Speed-enhancing body wrinkles on your Tesla are still years away, but researchers at MIT have created what could be the first step: a ball with morphable surface texture. They were able to get their creation, which they call a smorph (short for smart morphable surface), to wrinkle into a dimpled pattern similar to a golf ball’s, with similar aerodynamic properties.
Smorphs are sort of like raisins. As the soft inside of a grape dries out, the stiffer skin can’t shrink with it. Instead, it develops wrinkles to conform around the reduced volume. Smorphs don’t dry out (they also make terrible snacks), but the volume of a smorph can be similarly reduced by sucking air out of its hollow core. That core is surrounded by different polymers: a thick, squishy layer covered by relatively stiff outer skin. As the core shrinks, the squishy layer is soft enough to contract smoothly, but the skin is forced to wrinkle.
The trick is controlling exactly how a smorph wrinkles. MIT mechanical engineer Pedro Reis, the material’s lead inventor, studies how wrinkling and other types of structural failures can be made useful. He says the first step toward controlling the wrinkling of a smorph is making the squishy base layer thick enough that the sphere doesn’t crumple like a ping pong ball. From there, they can tune the pattern of the wrinkles by changing the thickness of the outer skin. Dimples form when the skin is one-tenth to one-hundredth of the sphere’s radius.
Because the smorph dimples look so much like those on a golf ball’s surface, the researchers were inspired to test their creation in a wind tunnel. It’s well established that a golf ball’s dimples help it fly further. Air passing over the dimples creates a bunch of tiny vortices. Rather than slowing the ball down, these vortices create a thin, turbulent sheath that the surrounding air can’t cling to. The result is lower drag.
Sure enough, when the researchers tested the smorph in a wind tunnel, they found that it was about twice as aerodynamically efficient when dimpled.
But the sheath of vortices only forms at relatively low speeds. If a golf ball were to fly fast enough, it would be better off with a smooth skin. This is where smorphs could offer a huge advantage.

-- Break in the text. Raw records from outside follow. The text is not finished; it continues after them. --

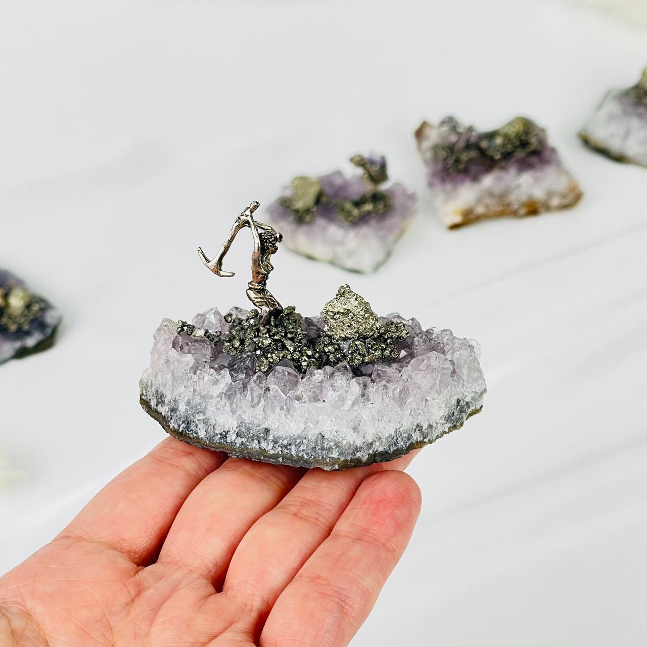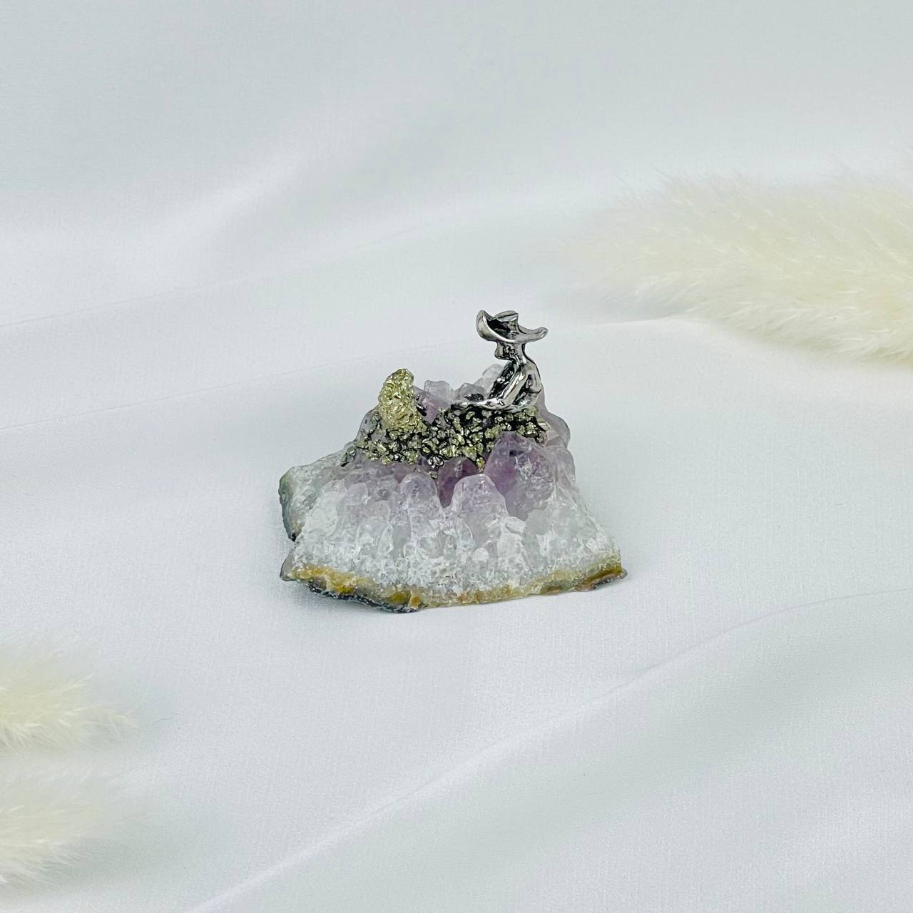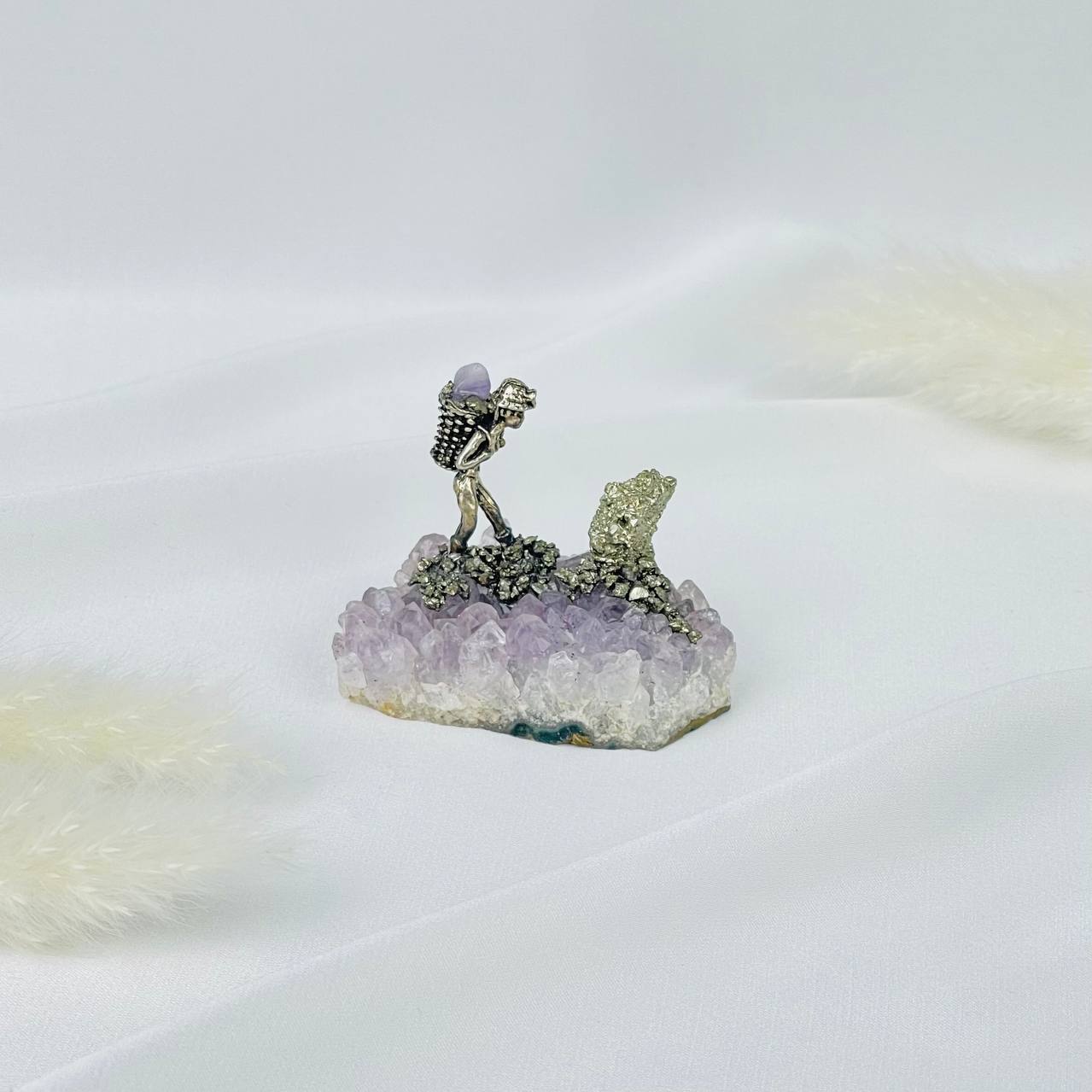 Фигурка Старатель на друзе Аметиста с Пиритом
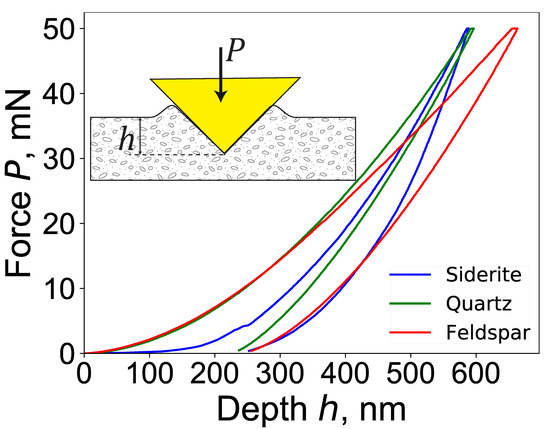 Grid nanoindentation tests were conducted on both unaltered and altered Mt Simon sandstone specimens using an Anton Paar nano-hardness tester with a Berkovich probe. Each indentation grid consisted of an array of 21 × 21 indents with an inter-indent spacing of 50 m. Each indentation test was conducted at a maximum load of 50 mN, a loading/unloading rate of 100 mN/min, and a holding period of 5 s. Figure 5 shows representative load–depth curves for indents on siderite, quartz, and K-feldspar. For each indentation grid, a Gaussian mixture model [7] was applied to assess the distribution of microstructural phases, given the measured values of the indentation modulus and indentation hardness.
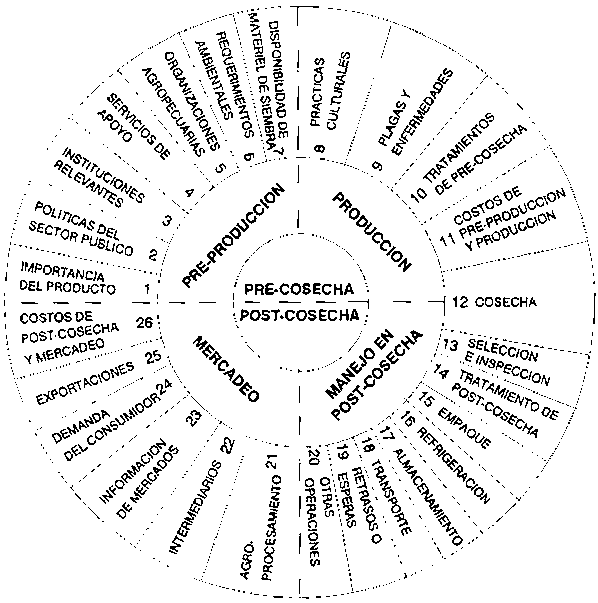 Los 26 componentes de la Figura 3.1 se presentan en un formato circular. La parte central del círculo está dividida en dos, identificando aquellos componentes que corresponden al período de pre-cosecha y aquellos de post-cosecha. Cada semi-círculo está a su vez dividido para indicar si los componentes tienen relación con:
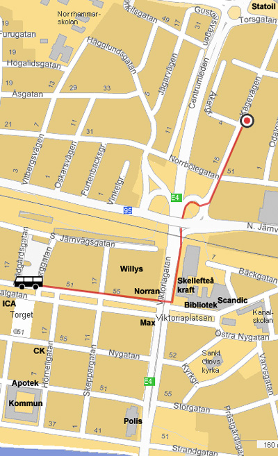 Det är lätt att ta sig till Skellefteå. Centrum ligger bara ett stenkast väster om E4:an. Från och till Skellefteå flygplats i Falmark tar bara 20-25 minuter, tack vare välordnade taxi- och bussförbindelser. Med tåg åker du bäst via Jörn, där anslutningsbussen (måndag - fredag) tar dig vidare till Skellefteå (ungefär en timmes resa). |
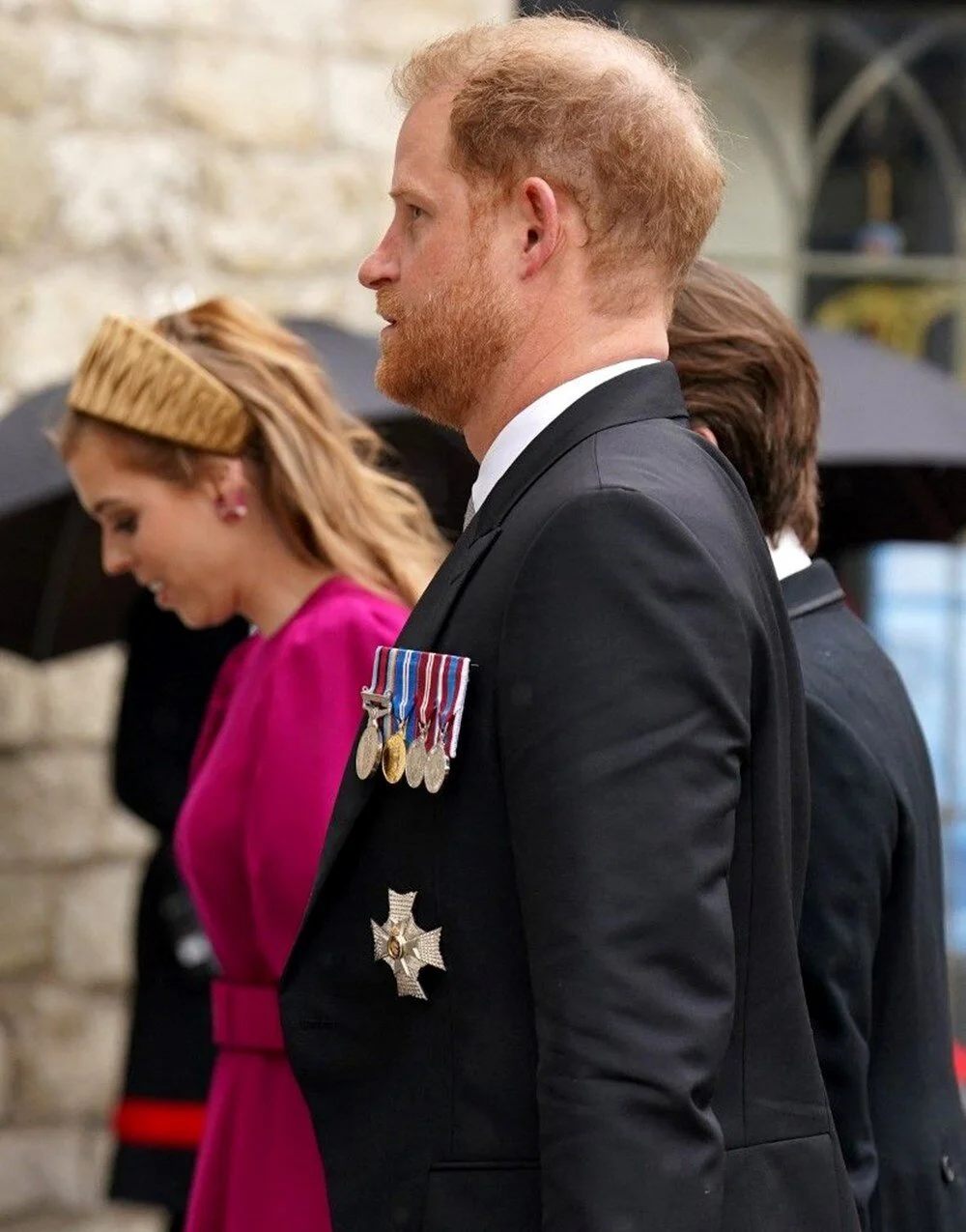 Harry, merasimin yapıldığı Westminster Abbey’e merasimde resmi misyonları olmayan kuzenleri Zara Tindall, Prenses Beatrice ve Prenses Eugenie ile birlikte girdi.

“What our system lets you do is tune the drag between the two extremes,” Reis said. Because of their size, golf balls rarely reach a speed when the dimples are less efficient. But something bigger, like a car, could be more fuel efficient with a few strategically placed morphable surfaces that would be dimpled at slower speeds and smooth when the car speeds up.
Earlier this year, Reis won an NSF grant to keep developing smorphs, which he hopes to someday scale up to use on cars, aircraft, and even buildings. He’s optimistic, but says this is probably a long way off. One problem is that hexagonal dimples are unstable on flat surfaces. So far smorphs have only been used on a round, ball shape, but Reis and his co-authors believe they can figure out how to reproduce the pattern on slightly curved surfaces. Creating the same aerodynamic dimpling on a car’s complex curves will be even more challenging.